Plot (a) the covariance matrix of the observed data as well as its approximation using (b) one and (c) five latent variable(s). Use the analytical solution for the covariance matrix of the approximation*. Note that the solution is essentially the mean and covariance of the [log-normal distribution](https://en.wikipedia.org/wiki/Log-normal_distribution).
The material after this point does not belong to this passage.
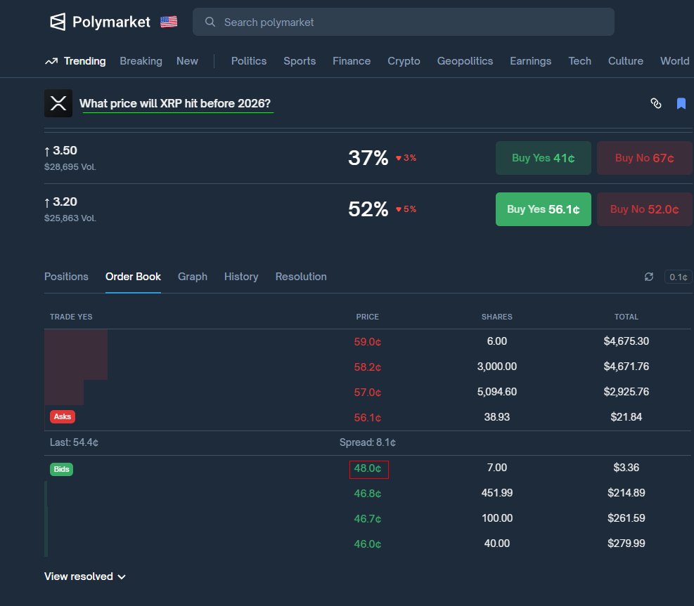 • 如果您以 0.48 美元购买“Yes”,则在 Polymarket 获得 108% 的收益

$ \mu = \exp(\frac{1}{2} \text{ diag}(CC^T)+d)$

$ \text{Cov}= \mu\otimes\mu^T \odot \exp(CC^T)+\mu\cdot \mathbb{I} - \mu\otimes\mu^T$ 

*[Krumin, M., and Shoham, S. (2009). Generation of Spike Trains with Controlled Auto- and Cross-Correlation Functions. Neural Computation 21, 1642–1664](http://www.mitpressjournals.org/doi/10.1162/neco.2009.08-08-847).

*Grading: 3 pts*

In [None]:
# --------------------------------------------------------------
# Complete the analytical solution for the covariance matrix of
# the approximation using the provide equations (2 pts)
# --------------------------------------------------------------


def cov(fit: engine.PPGPFAfit) -> np.ndarray:

    C = fit.optimParams["C"]
    d = fit.optimParams["d"]

    CCt = C @ C.T
    diag_CCt = np.sum(CCt, axis=1)  # diag(CC^T)
    mu = np.exp(0.5 * diag_CCt + d)

    outer_mu = np.outer(mu, mu)
    c = outer_mu * np.exp(CCt) + np.diag(mu) - outer_mu

    return c, mu


# --------------------------------------------------------------
# Plot the covariance matrix of
# (1) the observed data
# (2) its approximation using 1 latent variable
# (3) its approximation using 5 latent variable
# and explain how they compare (1+1 pts).
# --------------------------------------------------------------

obs_corr = np.cov(data.all_raster)
opt_r1, mu1 = cov(xval.fits[0])
opt_r5, mu5 = cov(xval.fits[4])

# HINT: Think about which type of colormap and ranges are appropriate here.

fig, axs = plt.subplots(1, 3, figsize=(10, 3.5))
# add plot to visualize the differences in the covariance matrices

from matplotlib.colors import LogNorm

# option1 : take log to scale down plots
# => clip values beforehand to avoid zero or negative values for LogNorm
epsilon = 1e-6
obs_corr_safe = np.clip(obs_corr, epsilon, None)
opt_r1_safe = np.clip(opt_r1, epsilon, None)
opt_r5_safe = np.clip(opt_r5, epsilon, None)

# observed covariance
im0 = axs[0].imshow(obs_corr_safe, cmap="viridis", norm=LogNorm())
axs[0].set_title("Observed Covariance")
axs[0].set_xlabel("Neuron")
axs[0].set_ylabel("Neuron")

# 1 latent variable
im1 = axs[1].imshow(opt_r1_safe, cmap="viridis", norm=LogNorm())
axs[1].set_title("Approximation (xdim=1)")
axs[1].set_xlabel("Neuron")

# 5 latent variables
im2 = axs[2].imshow(opt_r5_safe, cmap="viridis", norm=LogNorm())
axs[2].set_title("Approximation (xdim=5)")
axs[2].set_xlabel("Neuron")

fig.colorbar(im2, ax=axs, orientation="vertical", fraction=0.025, pad=0.04)

### Questions

What do you see / expect to see?

_YOUR ANSWER GOES HERE_

As expected, there are large values on the diagonal, showing how each neuron varies. Without a scaling with LogNorm, only diagonal values were visible. To get a better look at the overall structure, we scaled the values down, which resulted in plots with more detail, mostly for the off-diagonal values. As expected, 5 latent variables approximate the original data much better, especially in those off-diagonal values. 1 latent variable only models the firing rates as being influenced by 1 factor, so the matrix is only a low-rank approximation of the true covariance. Off-diagonal structure is partly visible, but details are missing. 5 latent variables are still visibly different, but much closer to the true covariance, with more detail in the off-diagonal structure.